Answer: Employers can reimburse travel expenses incurred by employees and/or spouses and dependents on a pre-tax basis through an employer-sponsored health plan so long as the expense qualifies as an eligible 213(d) medical expense. The Tax Code treats certain travel expenses, including transportation and lodging, which are incurred primarily for and essential to obtaining medical care, as eligible 213(d) medical expenses. This means they can be paid for by group health plans, including reimbursement through a health flexible spending account (FSA), health reimbursement arrangement (HRA), and/or health savings account (HSA), on a pre-tax basis. 

Example: An employee lives in Texas where they are banning all abortions within one month because of a trigger law.
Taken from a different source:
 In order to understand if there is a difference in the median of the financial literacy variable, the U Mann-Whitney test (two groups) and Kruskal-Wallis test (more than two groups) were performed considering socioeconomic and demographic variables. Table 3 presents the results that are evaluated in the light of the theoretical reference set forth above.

The employee calls a doctor in Colorado, where abortion is not banned, makes an appointment, and drives to Colorado to receive the procedure. The employee can use an FSA to pay for the travel expense as long as the employer hasn’t built in any guardrails not allowing this valid 213(d) expenses.
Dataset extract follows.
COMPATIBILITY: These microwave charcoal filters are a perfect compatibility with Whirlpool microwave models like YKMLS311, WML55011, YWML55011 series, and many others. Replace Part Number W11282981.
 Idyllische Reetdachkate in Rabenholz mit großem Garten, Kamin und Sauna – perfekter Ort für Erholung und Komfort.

Question: Can employers cover travel expenses on a post-tax basis?

Answer: Employers can cover abortion-related travel expenses on a post-tax basis (for those clients not interested in offering FSA/HSA/HRA benefits). If the benefit is designed as a program established to pay for travel expenses incurred primarily for essential to medical care, it could trigger status as an employer-sponsored group health plan subject to laws such as ERISA and COBRA.

Question: How does this impact ERISA-governed plans? 

Answer: ERISA-governed plans are shielded from most state laws that would change the benefits provided by the plan or the way the plan is administered. Thus, ERISA preemption generally allows ERISA plans to operate exclusively under federal law as opposed to having to comply with patchwork state laws.

To the extent a state law would require the plan sponsor to amend its benefits plan to exclude or limit coverage of abortions, ERISA preemption would block that state law’s application to the plan. While ERISA preemption does apply to plans, it is VERY important that employers only act as a group health plan and not as a counselor here because acting as anything but a plan sponsor could waive ERISA preemption protection.

While ERISA’s preemption shield might prohibit a state from directly dictating to a group health plan whether it can cover abortion, states do have the right to dictate to insurance companies supplying insured coverage whether those companies must (or must not) cover certain procedures. ERISA specifically states that its exemption powers do not extend to any law of any state which regulates insurance. As such, when employer plan sponsors purchase a group insurance policy through a state-licensed carrier (as opposed to offering self-insured coverage), that policy comes with state-imposed mandates and restrictions. So here, it matters if the plan is self-funded or fully insured, along with what state they are in.

Self-funded ERISA plans are not regulated by insurance and therefore have the protection of ERISA preemption.

It’s also important to remember that most government and church groups are NOT covered by ERISA and therefore cannot claim ERISA preemption, which means they would likely be subject to state law, including those state laws related to abortion.